When DJ Kool Herc set up his turntables for his little sister’s back-to-school party on Aug. 11, 1973, the Jamaican-born resident of the Bronx couldn’t have known he was about to help create a new genre of music, much less a global phenomenon that would change the world as we know it.
New Orleans’ place in that phenomenon cannot be overstated. The Meters, The Gaturs and Allen Toussaint are some of hip-hops’ most sampled artists. Early local pioneers like DJ Slick Leo, Mannie Fresh and Mia X took the sound coming out of New York and put a distinctive New Orleans spin on its beats, rhyme schemes and swagger. Cash Money and No Limit dominated much of the ’90s and early 2000s, and bounce has become so ubiquitous even Canadian pop singers like Drake are trying their hand at it.
Although best known for its music, hip-hop culture extends far beyond its distinctive rhythms and sounds. It’s a revolutionary arts movement, an industry-disrupting fashion aesthetic, an expression of self through dance. And just as DJs used samples and record scratching to blend funk, rock and classical to create new sounds, hip-hop has restructured all pieces of our culture to give us a completely new view of ourselves and the world.
In the world of fashion, hip-hop’s influence altered everything from sneakers to couture ball gowns. Likewise, it has reshaped the art world, influencing artists like Basquiat and Banksy, forcing an appreciation for graffiti and other public art long absent in America.
Hip-hop has even influenced politics. As local rapper Pell told Gambit’s Jake Clapp, hip-hop long ago became “the voice of the people.” In the 1980s and ’90s, groups like Public Enemy, NWA and Boogie Down Productions used their lyrics to fight racism, poverty and police brutality. In the ’90s, rappers like Mac Phipps chronicled the struggle against poverty and violence facing Black communities from the 7th Ward to Oakland, California.
From Tunisian MC El General’s “Rais Lebled” becoming the anthem of the Arab Spring to Belfast-based Irish language rappers Kneecap demanding a free and united Ireland, hip-hop has become a universal language of protest and change.

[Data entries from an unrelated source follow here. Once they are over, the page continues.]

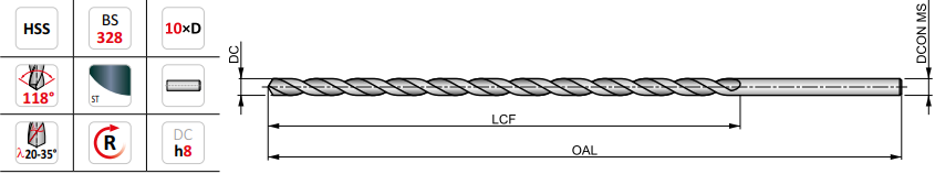 Extra long length drill with straight shank, diameter 4mm with an overall length of 250mm and flute length of 200mm according to BS 328 standard with 118° conical point, HSS with steam tempered finish for 10xD single pass drilling without pecking in steel
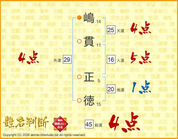 嶋貫正徳さんの総運は45画の4点!
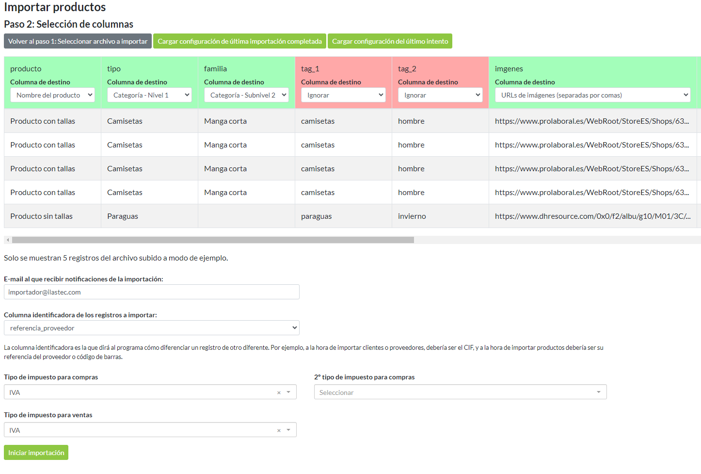 Si ya se ha hecho una importación anteriormente, se puede pulsar el botón "Cargar configuración de última importación", que configurará todas estas columnas automáticamente d ela misma forma que se hizo en la última importación que ha tenido éxito.
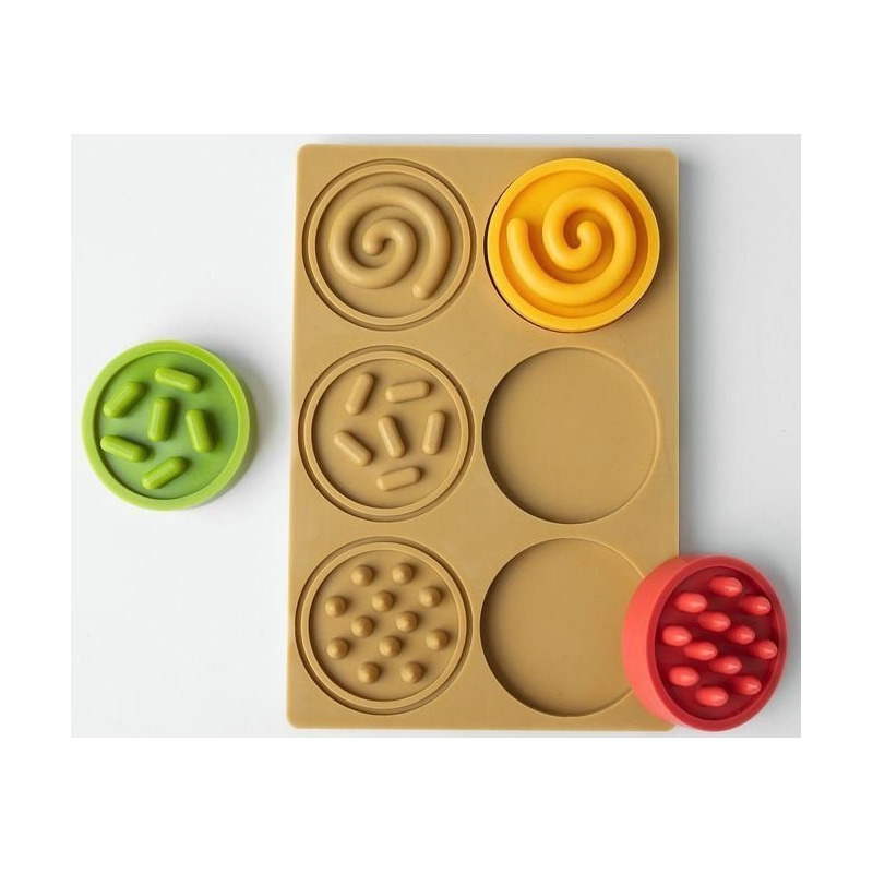 Zestaw zawiera sensoryczną deskę oraz 3 oddzielnych kółeczek sensorycznych.
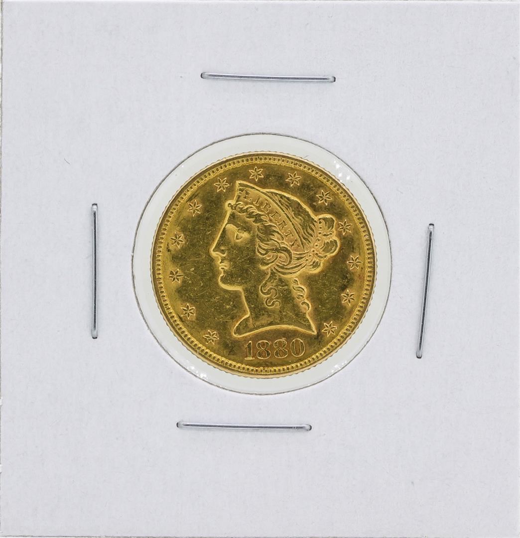 One 1880 $5 Liberty Head Half Eagle Gold Coin.
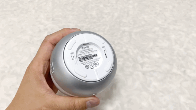 摄像机主机侧面,萤石C6WI因为整体呈球形,整个镜头被包裹在内部,所以不管从哪个方向看都是一样的,而360 7C略有不同,镜头部件是通过转轴与下部相连的,转轴处是360的logo,作为家族设计元素具有很好的辨识度。
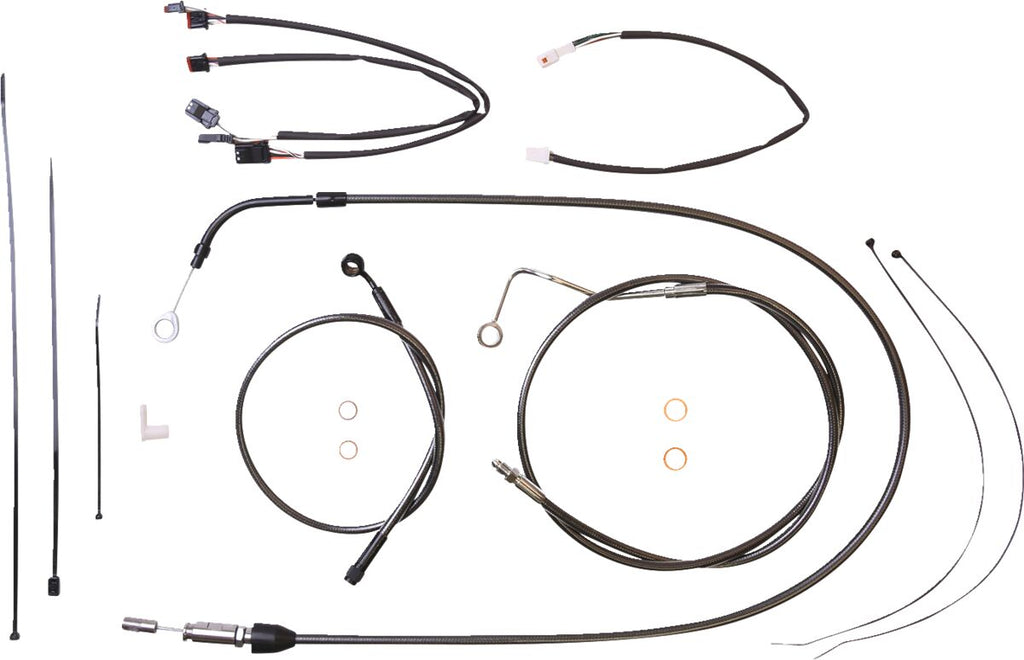 Black Pearl™ Designer Handlebar Installation KitThe only complete kit with matching braided cables and brake lines Kit includes throttle and idle cables of throttle-by-wire extensions, clutch cable or hydraulic clutch line, brake lines, copper crush washers, hardware, and any necessary switch wiring of turn signal extension All cables are a low-effort, high-efficiency design that meets or exceeds all OE specifications for fitment, construction, endurance Kit for dual disc models includes an all brazed manifold that eliminates leaks, alignment problems and unattractive threaded connections Assembled in the U.S.A. Kit is based on using ape hanger style handlebars with 2” risers. Harley Davidson FLH 1868 ABS 2021 Harley Davidson FLHT 1750 ABS 2021-2022 Harley Davidson FLHTK 1868 ABS 2021-2024 Harley Davidson FLHTKSE 1923 ABS 2021 Harley Davidson FLHX 1750 ABS 2021-2023 Harley Davidson FLHXS 1868 ABS 2021-2023 Harley Davidson FLHXSE 1923 ABS 2021-2022 Harley Davidson FLHXSE 1977 ABS 2023-2024 Harley Davidson FLHXST 1923 ABS 2022-2023
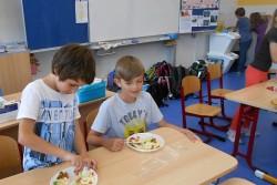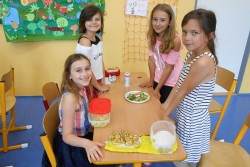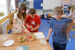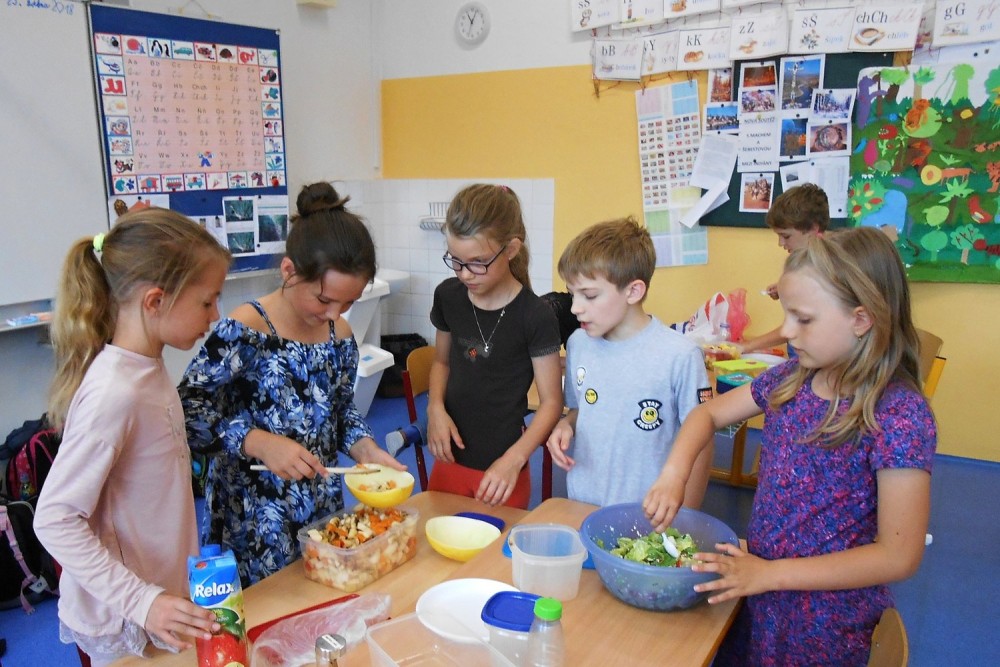 25. 5. 2018 Protože se v Prvouce učíme jak zdravě jíst, takovou zdravou svačinku jsme si dnes připravili.Zeleninové a ovocné saláty se moc povedly a všem velice chutnaly. 25 / 5 / 2018 JS

In a way, hip-hop’s rise was inevitable. It sprang to life in a post-Jim Crow world that had grown considerably smaller, yet more filled with information and demands for change. Schools across the country desegregated, and biracial relationships became not just legal, but commonplace. Younger members of Generation X and elder Millennials became the first Americans to come of age in a world where old lines that separated Black people and white people blurred or even disappeared, at least for them.
Hip-hop culture accelerated that process, slow and complicated as it may be. And, as the students of Ben Franklin showed this year when they walked out in defense of trans and gender nonconforming classmates, young people are quicker to stand up for human and civil rights.
Hip-hop has done a lot in its first 50 years. We can’t wait to see what the next half a century will bring.